Shares in Royal Bank of Scotland Group (LON:RBS) have fallen deep into the red in today’s session, as the UK government moved to trim its stake in the bailed-out lender. The move came after the company recently reached a settlement with the US Department of Justice over mis-sold mortgage-backed securities in the run-up to the financial crisis.
As of 08:31 BST, RBS’ share price had given up 3.35 percent to 271.50p, underperforming the broader UK market, with the benchmark FTSE 100 index currently standing 0.04 percent lower at 7,737.96 points. The group’s shares have added about 4.5 percent to their value over the past year, as compared with a near three-percent gain in the Footsie.

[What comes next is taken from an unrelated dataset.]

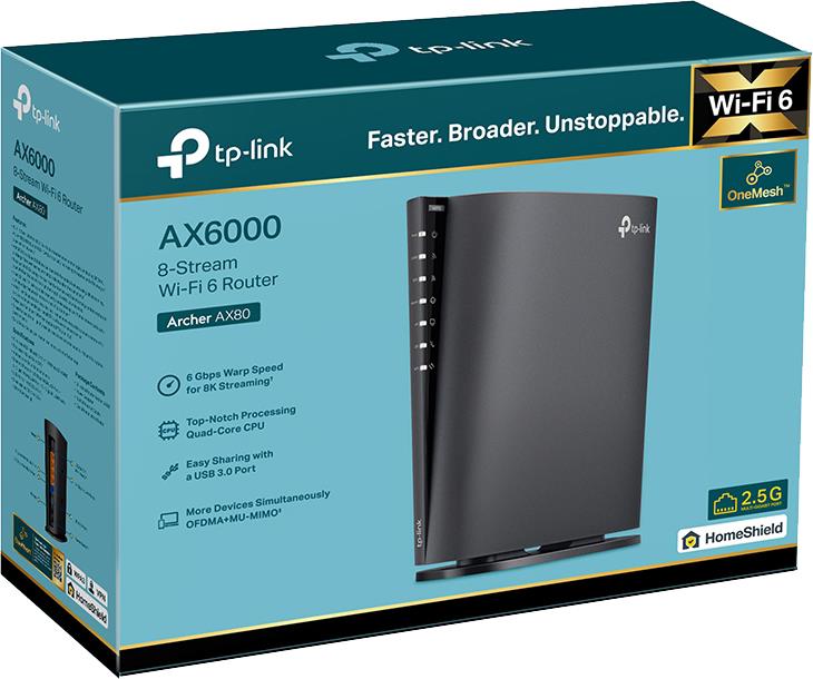 TP-LINK AX6000 8-strumieniowy router Wi-Fi 6 z portem 2.5G Archer AX80 802.11ax, 4804+1148 Mbit/s, 10/100/1000 Mbit/s, Ethernet LAN (RJ-45) porty 3, MU-MiMO Tak, brak mobilnej łączności szerokopasmowej, typ anteny Zewnętrzna, 1× port USB 3.0

Government trims stake in RBS
UK Government Investments (UKGI), the body which manages the taxpayer’s stake in RBS, announced in a statement this morning that it had completed the disposal of part of the Treasury’s holding in the lender. The disposal reduces the taxpayer’s stake in the bailed-out group from 70.1 percent to 62.4 percent.
UKGI said that the stake was offloaded at 271p per share, resulting in proceeds of £2.5 billion. The share sale, however, will generate a hefty loss for the taxpayer, with the government having bought its majority stake in the group at 502p per share in autumn 2008.
Reaction to RBS sale
“Few argue the RBS bailout was necessary to maintain financial stability, but the cost of that intervention is now starting to emerge,” said Laith Khalaf, senior analyst at Hargreaves Lansdown, as quoted by Reuters. “As a business RBS remains a work in progress, and consequently an investment for recovery investors with a long term investment horizon.”
The Guardian meanwhile quoted John McDonnell, the shadow chancellor, as saying that there was “no economic justification for this sell-off of RBS shares”.
“There should be no sales of RBS shares, full stop,” he continued. “But particularly with such a large loss to the taxpayers who bailed out the bank.”